Где уж было ему догадаться? Он слишком много думал о ее весе, о том, каково это – сжать ее задницу, уткнуться в груди, прижать их к щекам. Каково спать с девчонкой бесплатно? А еще он думал о водке. Работа мало его тревожила.
Той весной мать наняла человека подстричь кусты, им придали необычную форму, и в боковом окне темнела зеленая спираль, залитая лунным светом. Между кусочками хлеба – ростбиф и салат из капусты с майонезом. Эди села за стол и начала есть. Номан снова закурил. Она его не боялась.
– Ты всегда голодная, – сказал Номан, злой, но не унывающий, одинокий иммигрант, что засыпал на скользком диване и неизменно просыпался на полу, хорошо хоть падение смягчал ковролин. – Все время тянешь что-нибудь в рот.
«Молчи», – подумала Эди.
Ее отец устроил Номана уборщиком, чистить школьные туалеты в Уиннетке[6].
Салат был жирный и кисловатый.
Номан глубоко, пьяно затянулся и выпустил дым через нос. Он явно себя не контролировал. Эди во многих смыслах – тоже. Она его жалела. И все-таки уж лучше ему было промолчать.
– Может, лучше сунуть в рот кое-что другое? – спросил он.
– Стану я трахаться с тем, кто чистит сортиры.
– Для тебя и такой – удача. Потаскуха.
Эди продолжала есть. Она не торопилась, потому что хотела утолить голод; потому что сидела у себя дома, и здесь она была королевой; потому что женщины держат мир в кулаке. Доев бутерброд, Эди завизжала, сама удивляясь, каким пронзительным получился крик. Он разбудил мать с отцом и еще полквартала. В окнах гостиных и спален вспыхивали огни, все суетились, все волновались – все, кроме Абрахама, который снял на ночь слуховой аппарат и проспал весь переполох. Эди ни капельки не жалела. С ее точки зрения, никакой трагедии не случилось.
Ива
Свекровь Рашели чувствовала себя неважно. Назвать эту женщину хилой не поворачивался язык: ростом Эди была метр восемьдесят. В шелковых домашних платьях ее тело напоминало гигантское яйцо, и казалось, что в них она сама светится. Тем не менее, полгода назад Эди поставили стент в гниющее бедро – осложнение диабета, – а через несколько недель ей предстояла вторая операция. Кроме того, у свекрови почернели два зуба. Рашель не на шутку заволновалась, а еще ей стало противно. И все же она никак не могла начать этот разговор.

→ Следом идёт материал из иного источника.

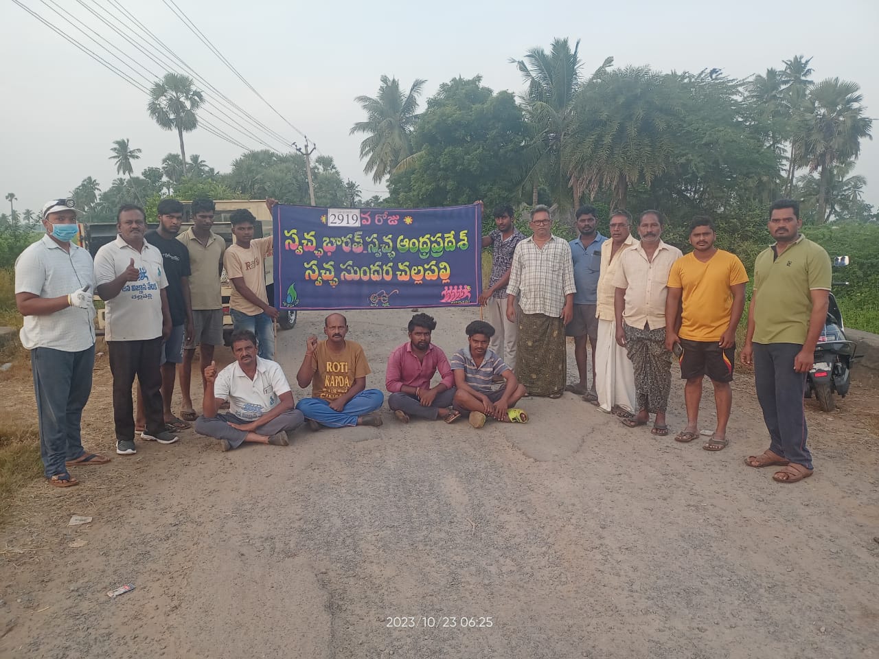 పర్యావరణ ధ్వంసకమయ్యే - కేవలం ఒక్కసారికే పనికి వచ్చే ప్లాస్టిక్కులు అందరం మానేద్దాం! అలుపెరుగని గ్రామ స్వచ్ఛ సుందరోద్యమం - @2923* ఈ గురువారం (27-9-23) వేకువ కూడ అది 4.16 కే ప్రారంభం! నిన్న ముగిసిన కస్తూరి మామ్మ ప్రాయోజిత ఉద్యానం దగ్గరే మళ్లీ నేటి 25 మంది (అసలు కార్యకర్తలు 23 గ్గురే గాని - ఆలస్యంగా వచ్చిన ట్రస్టు ఉద్యోగులతో కలిపి) శ్రమదానం! కాకపోతే నిమ్మల తోట వీధి దిశగానూ, అగ్రహారం 2 వ బాట వైపుగా...

Вообще-то это было не ее дело – напоминать Эди о зубной гигиене. И без того хватало забот – хозяйство, дети, подготовка к бней-мицве[7]. (Все знали, что Рашель устраивает бней-мицву: ее парикмахер и тренер по пилатесу, учитель танцев, которого наняли для Эмили и Джоша, подруги, дотянувшие с рождением детей до тридцати. «Думаете, вы заняты? – говорила Рашель бывшим сокурсницам. – Это все цветочки».)
Она как могла поддерживала свекровь. Часами сидела в больнице вместе со свекром, Ричардом, и мужем, Бенни. Когда у Ричарда было много дел в аптеке, Рашель возила Эди по врачам и за продуктами. Готовила у них дома еду, терпеливо слушала, как Эди и Ричард препираются из-за всяких мелочей – кондиционера для белья, газона, домашних расходов. Споры всегда кончались одинаково: Ричард уходил, махнув рукой, Эди поворачивалась к Рашели, говорила вполголоса: «Брак – что птичья клетка», а потом изображала, будто чирикает.
Рашель поступала так ради мужа, ради семьи. Если уж надо, она все сделает, что ей стоит?
Однако среди обязанностей матери, жены и хозяйки не значились разговоры о гнилых зубах.